> ACTION ITEM:
With images removed, return the whole listing exactly as written.

> SOURCE MATERIAL:
============================================================

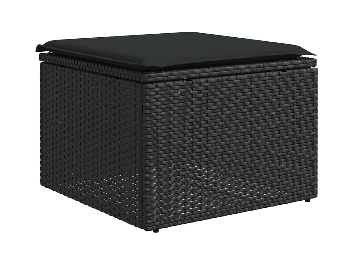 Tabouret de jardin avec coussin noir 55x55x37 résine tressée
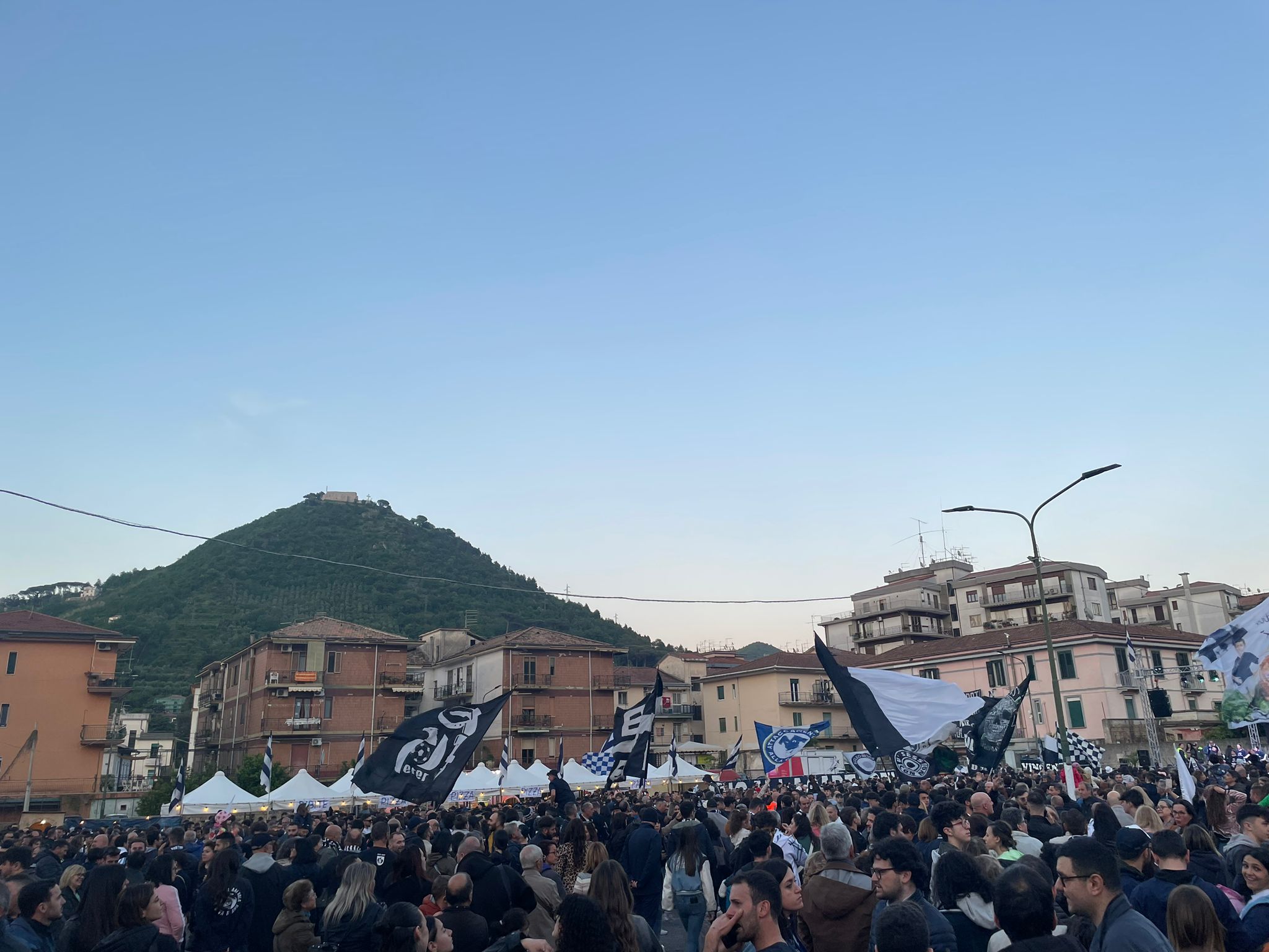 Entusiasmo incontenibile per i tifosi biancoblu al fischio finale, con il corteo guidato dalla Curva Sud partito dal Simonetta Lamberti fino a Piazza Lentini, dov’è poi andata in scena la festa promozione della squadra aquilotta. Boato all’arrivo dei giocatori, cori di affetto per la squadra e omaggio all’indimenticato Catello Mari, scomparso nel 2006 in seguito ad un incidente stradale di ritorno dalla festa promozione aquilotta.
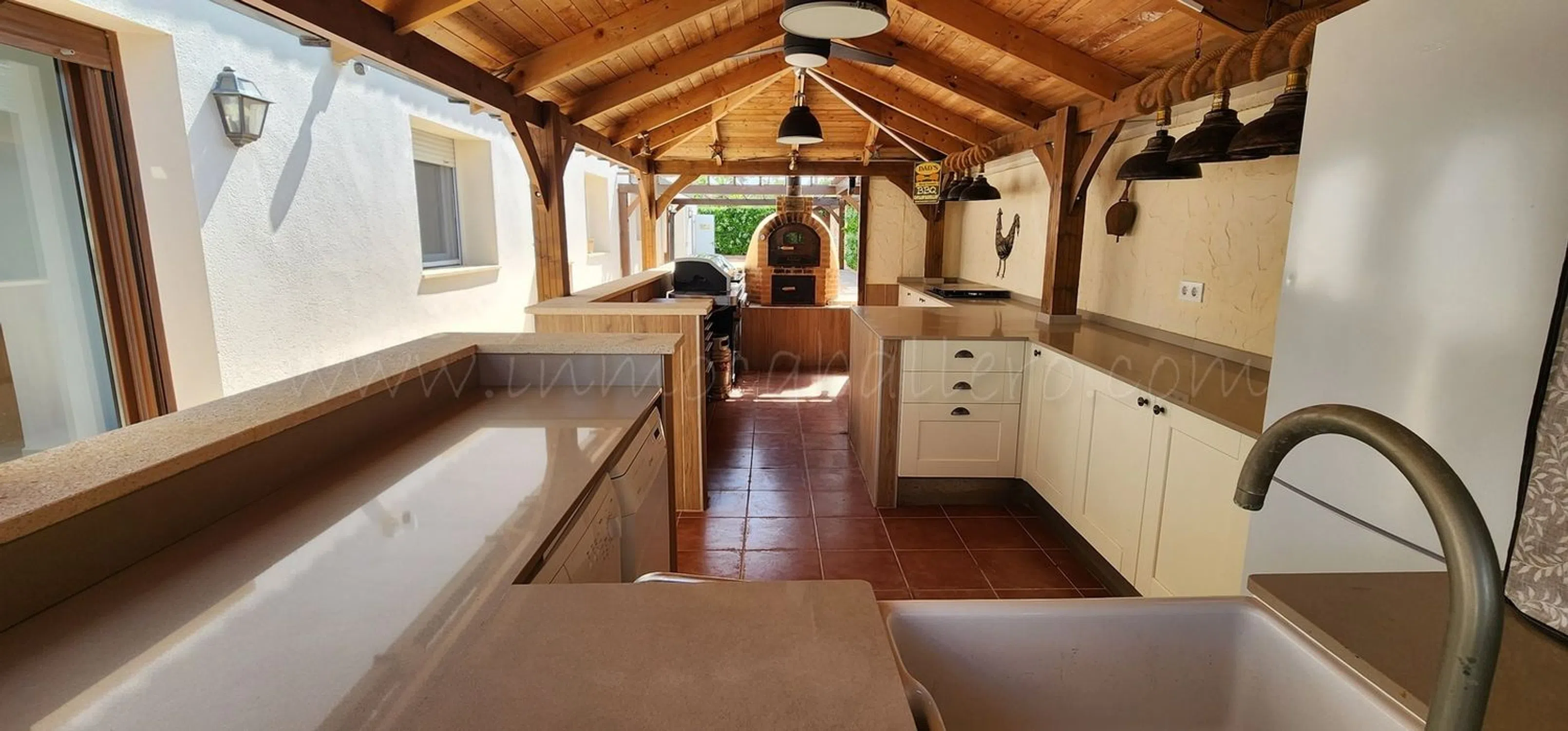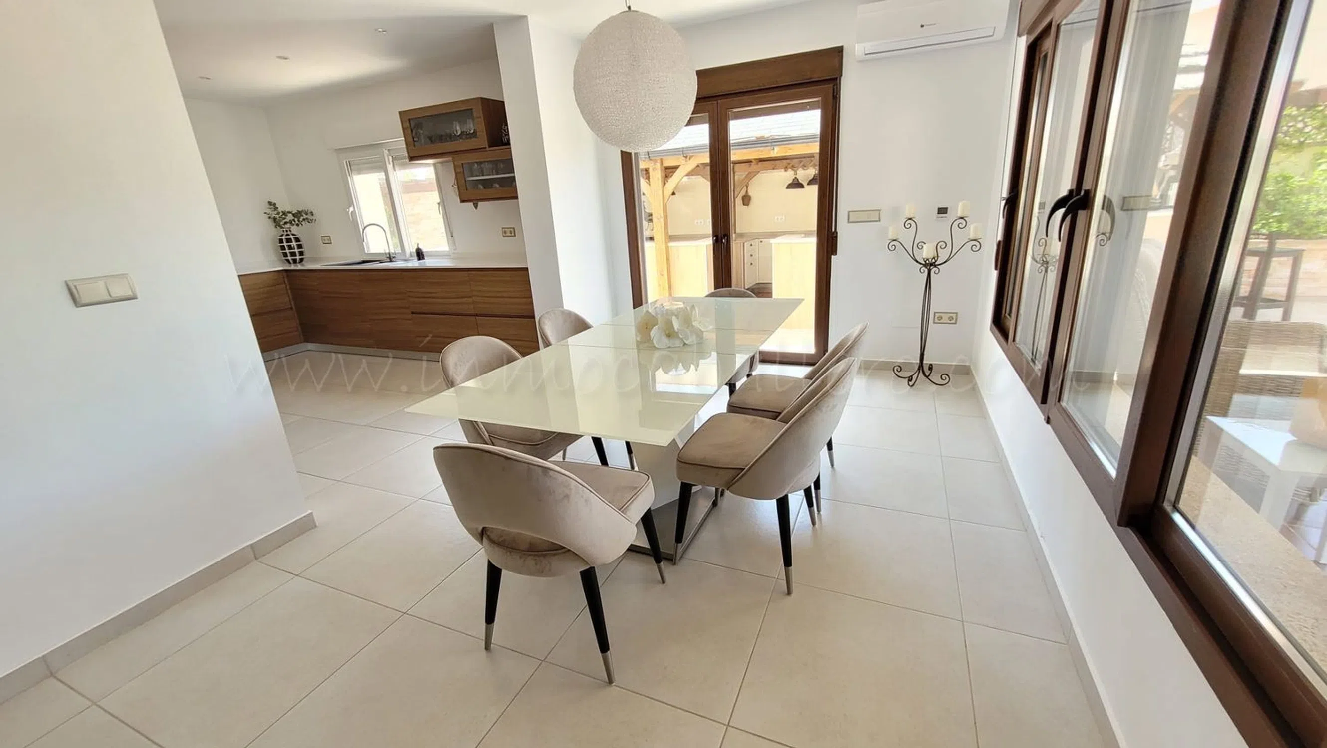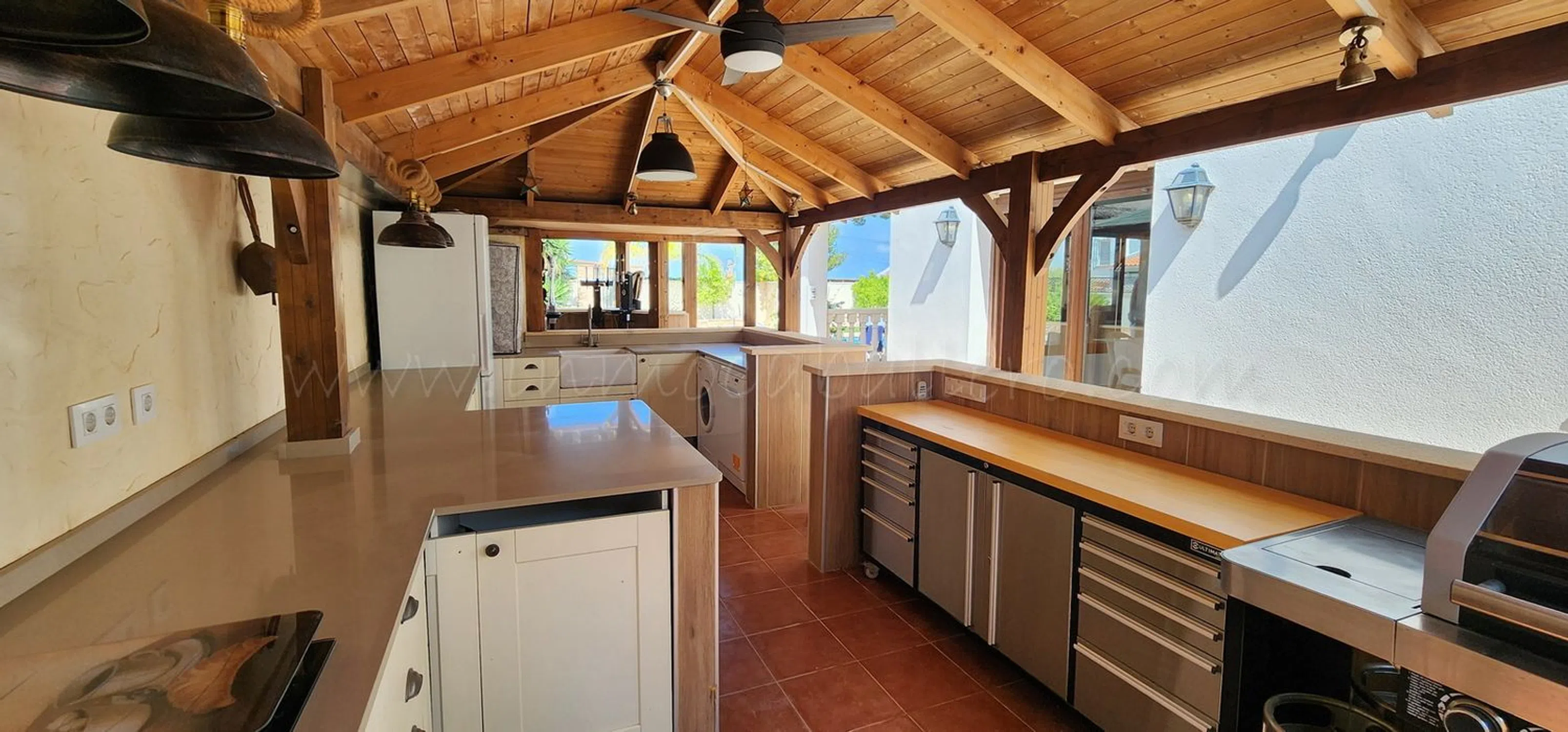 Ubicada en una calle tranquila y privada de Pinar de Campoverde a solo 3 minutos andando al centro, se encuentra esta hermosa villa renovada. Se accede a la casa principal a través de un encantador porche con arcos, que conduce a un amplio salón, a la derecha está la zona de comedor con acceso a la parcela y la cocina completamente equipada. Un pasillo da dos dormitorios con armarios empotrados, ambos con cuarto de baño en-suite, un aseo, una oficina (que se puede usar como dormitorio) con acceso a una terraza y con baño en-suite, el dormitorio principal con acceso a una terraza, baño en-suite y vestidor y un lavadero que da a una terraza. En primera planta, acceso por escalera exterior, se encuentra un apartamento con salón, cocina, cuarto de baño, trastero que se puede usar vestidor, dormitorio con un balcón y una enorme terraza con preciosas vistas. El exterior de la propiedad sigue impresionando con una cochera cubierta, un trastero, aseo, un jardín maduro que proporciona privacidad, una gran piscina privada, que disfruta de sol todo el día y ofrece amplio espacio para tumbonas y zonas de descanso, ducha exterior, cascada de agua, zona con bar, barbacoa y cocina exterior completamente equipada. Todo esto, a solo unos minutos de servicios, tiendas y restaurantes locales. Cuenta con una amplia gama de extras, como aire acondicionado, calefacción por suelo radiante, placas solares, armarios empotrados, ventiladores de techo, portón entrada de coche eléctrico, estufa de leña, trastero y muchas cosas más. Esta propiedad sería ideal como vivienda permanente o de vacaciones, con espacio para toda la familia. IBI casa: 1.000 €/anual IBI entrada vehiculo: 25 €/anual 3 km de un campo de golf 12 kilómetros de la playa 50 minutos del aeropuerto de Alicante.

============================================================

> ANSWER TO THIS TASK:
 Tabouret de jardin avec coussin noir 55x55x37 résine tressée
 Entusiasmo incontenibile per i tifosi biancoblu al fischio finale, con il corteo guidato dalla Curva Sud partito dal Simonetta Lamberti fino a Piazza Lentini, dov’è poi andata in scena la festa promozione della squadra aquilotta. Boato all’arrivo dei giocatori, cori di affetto per la squadra e omaggio all’indimenticato Catello Mari, scomparso nel 2006 in seguito ad un incidente stradale di ritorno dalla festa promozione aquilotta.
 Ubicada en una calle tranquila y privada de Pinar de Campoverde a solo 3 minutos andando al centro, se encuentra esta hermosa villa renovada. Se accede a la casa principal a través de un encantador porche con arcos, que conduce a un amplio salón, a la derecha está la zona de comedor con acceso a la parcela y la cocina completamente equipada. Un pasillo da dos dormitorios con armarios empotrados, ambos con cuarto de baño en-suite, un aseo, una oficina (que se puede usar como dormitorio) con acceso a una terraza y con baño en-suite, el dormitorio principal con acceso a una terraza, baño en-suite y vestidor y un lavadero que da a una terraza. En primera planta, acceso por escalera exterior, se encuentra un apartamento con salón, cocina, cuarto de baño, trastero que se puede usar vestidor, dormitorio con un balcón y una enorme terraza con preciosas vistas. El exterior de la propiedad sigue impresionando con una cochera cubierta, un trastero, aseo, un jardín maduro que proporciona privacidad, una gran piscina privada, que disfruta de sol todo el día y ofrece amplio espacio para tumbonas y zonas de descanso, ducha exterior, cascada de agua, zona con bar, barbacoa y cocina exterior completamente equipada. Todo esto, a solo unos minutos de servicios, tiendas y restaurantes locales. Cuenta con una amplia gama de extras, como aire acondicionado, calefacción por suelo radiante, placas solares, armarios empotrados, ventiladores de techo, portón entrada de coche eléctrico, estufa de leña, trastero y muchas cosas más. Esta propiedad sería ideal como vivienda permanente o de vacaciones, con espacio para toda la familia. IBI casa: 1.000 €/anual IBI entrada vehiculo: 25 €/anual 3 km de un campo de golf 12 kilómetros de la playa 50 minutos del aeropuerto de Alicante.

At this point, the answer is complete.